In part 2, I talked about how having an application that has multiple tiers is another reason why small and medium businesses need application testing. In you haven’t read it, go here.

In this post, I talk about reason #3.

When I was brought on to help resolve this application issue and started asking my questions, I found out that the issues the users were having occurred intermittently. Once I hear “intermittent”, I know I will need to do some continuous captures.

Capturing data continuously just means that my packet capture tool will run until a user reports a problem. And when an issue is reported, I download the packet trace and start looking at it for clues.

When user-reported application problems occur at any time and cannot be triggered, you must have the appropriate tool to capture the data. I’ve used Wireshark and other tools, like Riverbed’s SteelCentral Transaction Analyzer. You also need the expertise to filter the packet appropriately so you can capture enough data to store the packets when the issue happens and retain those packets long enough for them to be downloaded for analysis.

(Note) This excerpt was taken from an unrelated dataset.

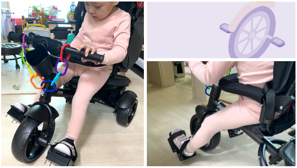 우리 아이는 근력이 전체적으로 부족해서 병원에서 재활치료를 받고 있었습니다. 치료 시간이 한정되어 있다 보니 집에서도 재활을 해주고 싶었지만 마땅한 기기도 집에 가지고 있지 않았고, 가지고 있는 아동용 자전거를 이용해서 다리 운동을 시켜주고 싶었지만 다리 힘이 부족해서 페달에 발을 붙이지 못해 사용하지 못하고 있었습니다. 이 문제를 해결하기 위해 정보를 검색하던 중 보조기기센터를 접하게 되었고 아동용 자전거를 사용할 수 있도록 페달에 발을 고정하는 보조기기의 개조를 요청 드렸습니다. 평상시에 사용하는 신발 사이즈와 부착할 자전거 페달 모양 그리고 다리 위치와 길이 등을 고려하여 우리 아이에게 꼭 맞는 맞춤형 페달을 제작해주셨고, 페달 모양 때문에 2번의 수정 작업 이후 최종적으로 기기를 받아볼 수 있었습니다. 이제는 집이나 공원에서 아동용 자전거를 태워 뒤에서 밀어주면서 하지 근력 운동을 할 수 있게 되었습니다. 하지 근력이 눈에 띄게 변화하지는 않았지만 코로나로 병원에 가지 못하는 상황에 재활훈련을 할 수 있어 매우 만족하였습니다. |

I typically capture all packets on the client side and the first 100 packets on the server side. The 100 packets is enough to see the protocol headers that would give me information about the data being sent and received.

We Start Capturing Continuously

Once the continuous captures were running on all the tiers I had capture agents installed, users started reporting the Internet Explorer errors they were getting while using the application.

One came…then another…and another.

I looked at all of this data, and after a while, a pattern started to develop. There was an increase in retransmissions and packet loss whenever the errors occurred.

In part 1, I talked about how the application was developed for the LAN and therefore was pretty chatty. So it was no surprise when I noticed the application opening many TCP connections. But this occurred at the same time the errors did and was done in order to display relevant information to the user in various panels in the browser.

For any given panel-specific request, the application would open up a separate connection, and the errors would occur when it could not do this.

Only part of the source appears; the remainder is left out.